Megan Mocko February 20th, 2022

The data set is epa2021. This data set is available on openintro.org/data and in the `openintro` R package.

This week's data set of the week is epa_2021. These results are gathered each year for vehicles tested under the oversight of the Environmental Protection Agency. The data is collected in Ann Arbor, Michigan, in the National Vehicle and Fuel Emissions Laboratory. The information includes 12 manufacturers including Volvo, General Motors, and Toyota. The data is primarily categorical, but a few quantitative variables are present, such as city_mpg and high_mpg. There are a total of 28 variables in the data set.

The data set is an excellent one to use for essential graphical summaries at the start of the semester. One way to present this to the class is to have the students answer the following three questions.

  1. What type of graph would you use to explore the center and variability of miles per gallon for the vehicles tested at the National Lab?
  2. What type of graph would you use to explore the relationship between the miles per gallon for vehicles in the city versus on the highway?

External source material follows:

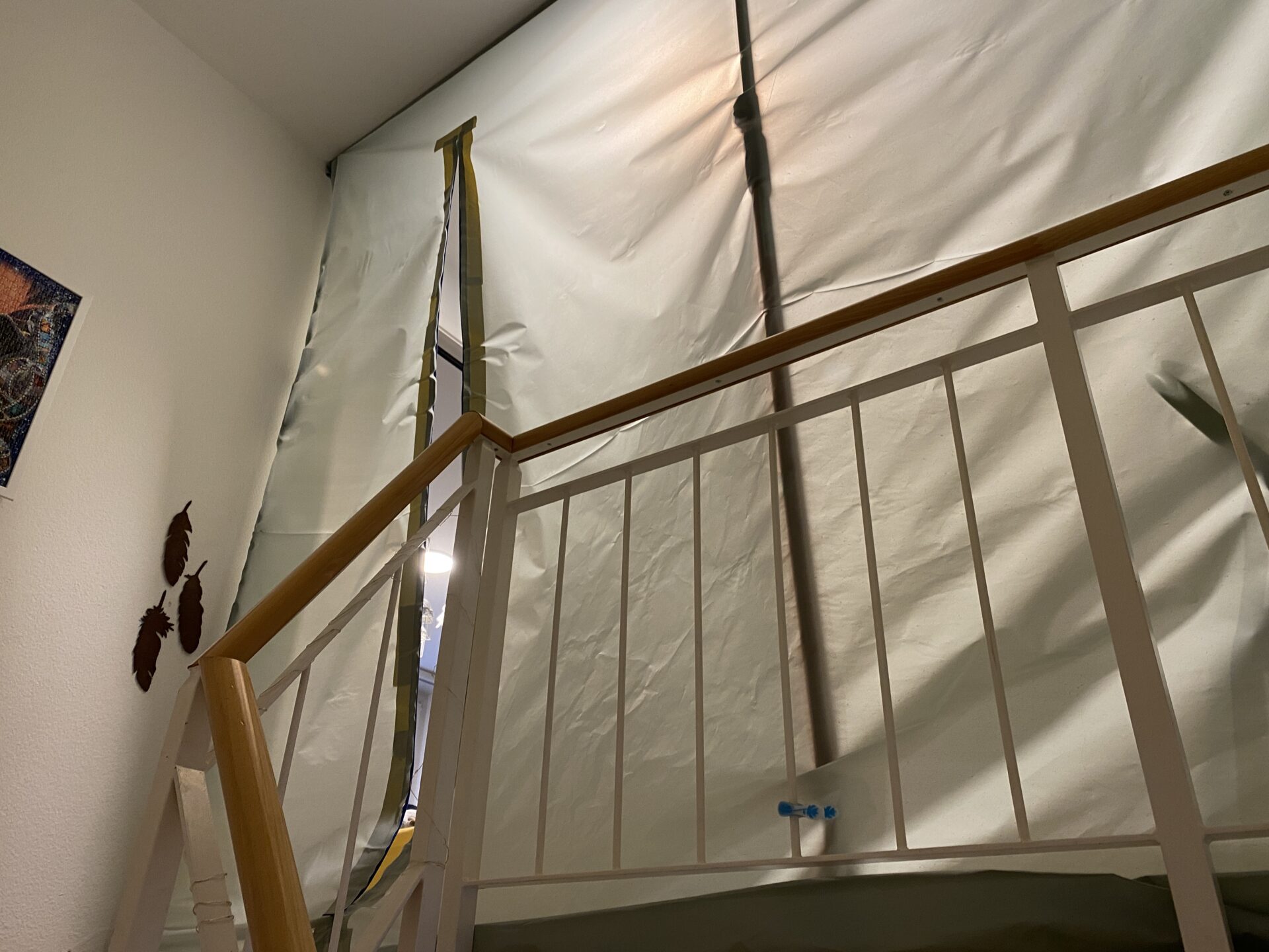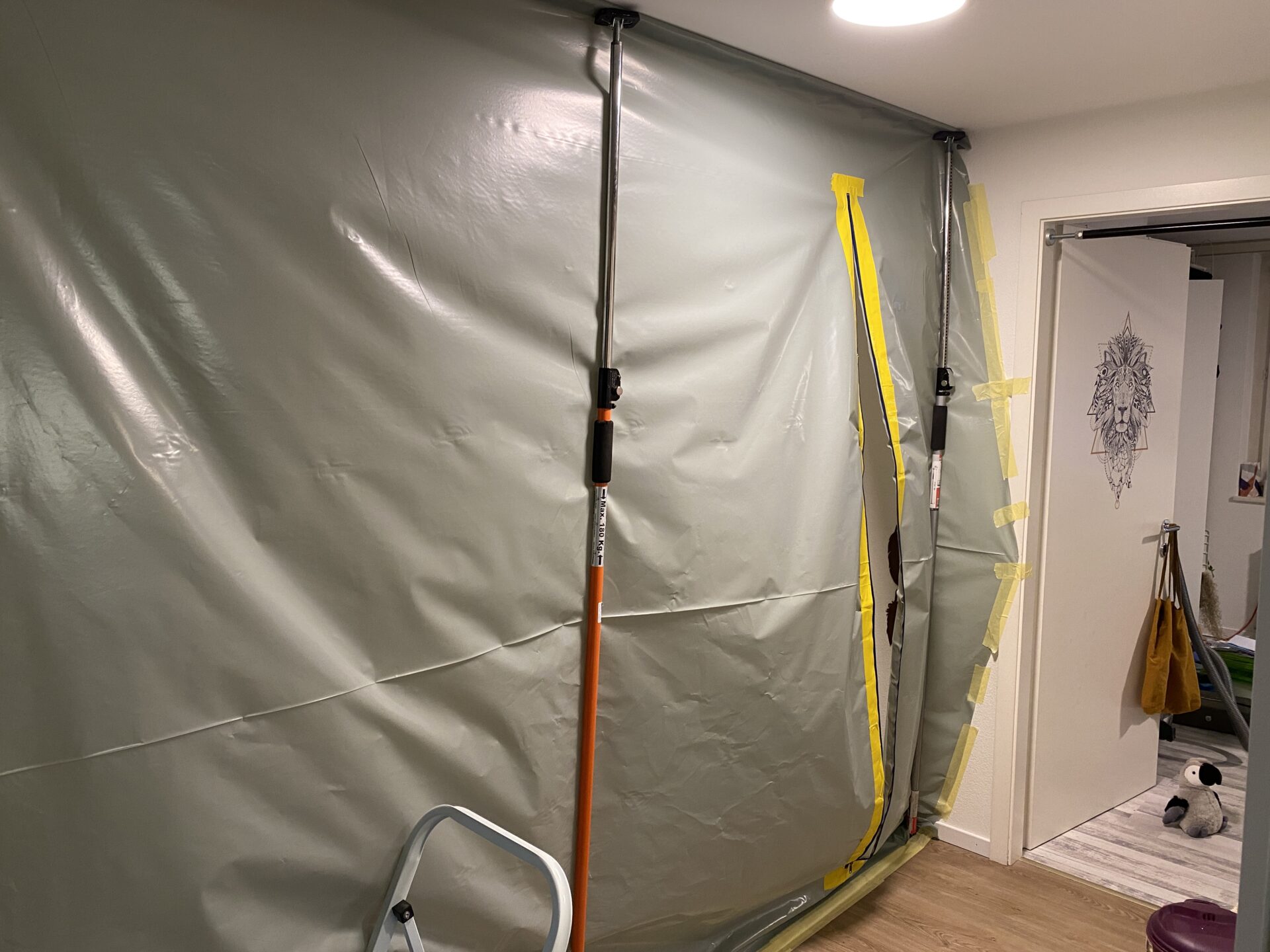 Die Firma Willy Herb AG hat heute mit dem Herausreissen unseres Parkettbodens begonnen. Natürlich haben sie zuvor diverse Staubwände montiert, damit unsere Wohnung nicht komplett eingestaubt wird.

You can then have them work in groups or pairs to make the graphs. Here is a histogram of the miles per gallon in the city.

A histogram showing miles per gallon in the city. The plot is right-skewed. The maximum value is close to 60, but the majority of the data is around about 21 miles per gallon. This data is from the epa2021 data set.

Here is a scatterplot for exploring the relationship between miles per gallon in the city or highway.

A scatterplot showing the miles per gallon in the city on the x-axis and the miles per gallon on the highway on the y-axis. The plot shows a generally positive trend - as the miles in the city tend to increase so do the miles per gallon on the highway. This data is from the epa2021 data set.

The Guidelines for Assessment and Instruction in Statistical Education include an emphasis to "Give students experience with multivariable thinking." However, don't stop there. Have the students think about the different manufacturers of cars? Ask them if they think that the cars made by the various manufacturers would have different relationships between miles per gallon in the city versus on the highway.

This plot is a grid of plots of mpg for city versus mpg for the highway by the manufacturer. For most manufacturers, you see a positive, linear trend. However, for a few manufacturers, there are too few cars to determine a trend. This data is from the epa2021 data set.

To finish the activity, you could ask them what surprised them or if this is what they expected to see.

Source: Fuel Economy Data from fueleconomy.gov. Retrieved 6 May 2021.